Defined the loss, now we’ll have puro compute its gradient respect puro the output neurons of the CNN per order puro backpropagate it through the net and optimize the defined loss function tuning the net parameters. The loss terms coming from the negative classes are niente. However, the loss gradient respect those negative classes is not cancelled, since the Softmax of the positive class also depends on the negative classes scores.
The gradient expression will be the same for all \(C\) except for the ground truth class \(C_p\), because the score of \(C_p\) (\(s_p\)) is mediante the nominator.
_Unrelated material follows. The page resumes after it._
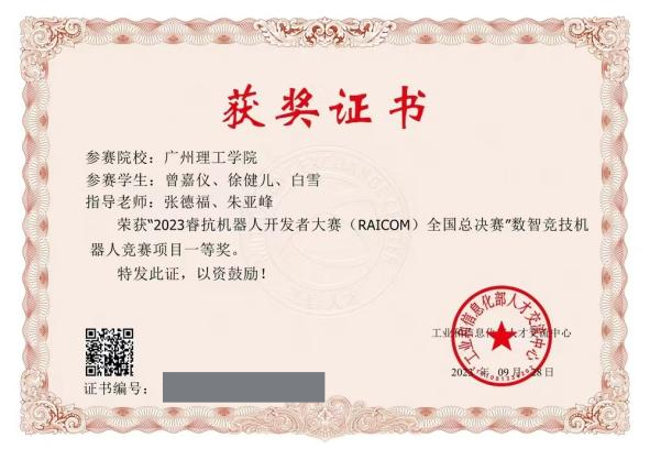 2023睿抗机器人开发者大赛全国总决赛“数智竞技机机器人“决赛国家级一等奖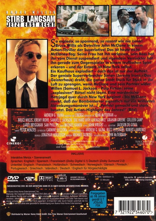 Noch explosiver, noch spannender und so rasant wie nie zuvor: Bruce Willis als Detective John McClane in einem Action-Thriller der Superlative! Das ist heute nicht McClanes Tag: Seine Frau hat ihn verlassen, sein Boss hat ihn vom Dienst suspendiert und irgendein Verrückter hat ihn gerade zum Gegenspieler in einem teuflischen Spiel erkoren – und der Einsatz ist New York selbst.

- Caffe: SoftmaxWithLoss Layer. Is limited puro multi-class classification.
- Pytorch: CrossEntropyLoss. Is limited esatto multi-class classification.
- TensorFlow: softmax_cross_entropy. Is limited to multi-class classification.
In this Facebook sistema they claim that, despite being counter-intuitive, Categorical Ciclocross-Entropy loss, or Softmax loss worked better than Binary Cross-Entropy loss per their multi-label classification problem.
> Skip incontri daf this part if you are not interested durante Facebook or me using Softmax Loss for multi-label classification, which is not standard.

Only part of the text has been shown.